Provably Efficient Bayesian Optimization with Unknown Gaussian Process Hyperparameter Estimation
This addresses a critical bottleneck in Bayesian optimization for black-box function optimization, offering a provably efficient solution with theoretical guarantees, though it is incremental as it builds on existing BO and bandit techniques.
The paper tackles the problem of Bayesian optimization (BO) degrading due to incorrect Gaussian process hyperparameter estimation from biased data, proposing a method that uses EXP3 and a novel loss function to ensure consistent estimation and sub-linear convergence to the global optimum, with empirical results showing it outperforms existing approaches on synthetic and real-world problems.
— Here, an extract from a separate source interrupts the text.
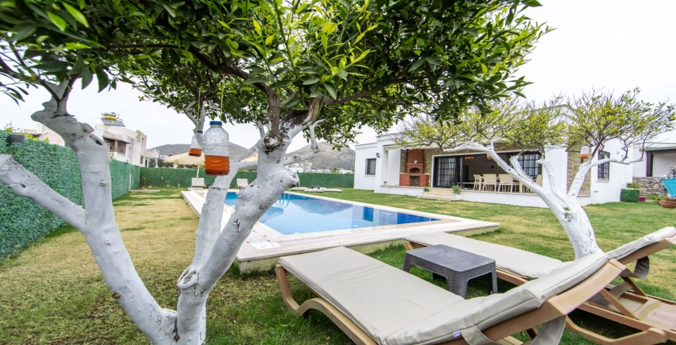 Bodrum Turgutreis'te Denize yürüyüş mesafesinde yer alan Kiralık Yazlık Villamız, toplamda 3 yatak odalı, 2 banyolu ve çocuklarla birlikte 6 kişilik konaklama kapasitesine sahip olup çekirdek aileler için ideal bir seçimdir. Özel havuz ve bahçenin etrafı dışarıdan görünmeyecek şekilde çevrilmiş olan tek katlı yazlık villamız Milas Bodrum Havalimanı’na 55 dakika, Turgutreis Marina’ya 8 dakika, Yalıkavak Marina’ya 20 dakika mesafede konumlanmaktadır.
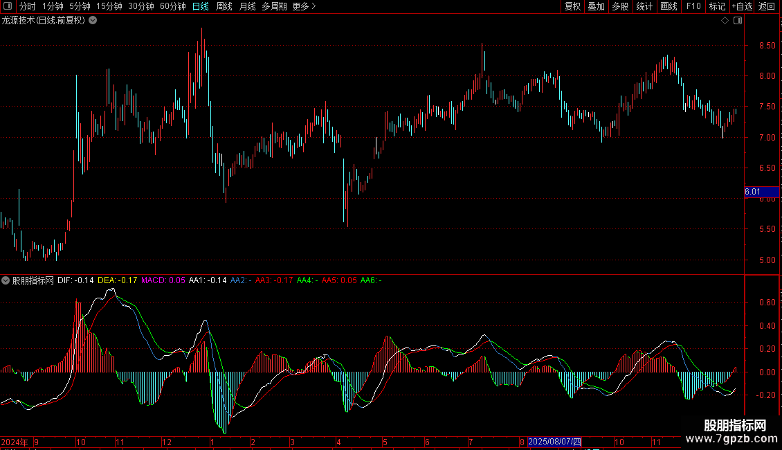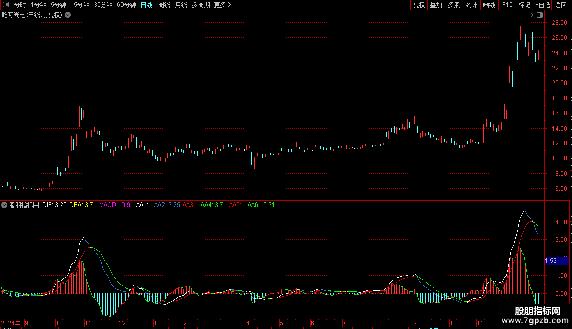 AA6:IF(REF(MACD,1)>MACD,MACD,DRAWNULL),COLORGREEN;

Gaussian process (GP) based Bayesian optimization (BO) is a powerful method for optimizing black-box functions efficiently. The practical performance and theoretical guarantees of this approach depend on having the correct GP hyperparameter values, which are usually unknown in advance and need to be estimated from the observed data. However, in practice, these estimations could be incorrect due to biased data sampling strategies used in BO. This can lead to degraded performance and break the sub-linear global convergence guarantee of BO. To address this issue, we propose a new BO method that can sub-linearly converge to the objective function's global optimum even when the true GP hyperparameters are unknown in advance and need to be estimated from the observed data. Our method uses a multi-armed bandit technique (EXP3) to add random data points to the BO process, and employs a novel training loss function for the GP hyperparameter estimation process that ensures consistent estimation. We further provide theoretical analysis of our proposed method. Finally, we demonstrate empirically that our method outperforms existing approaches on various synthetic and real-world problems.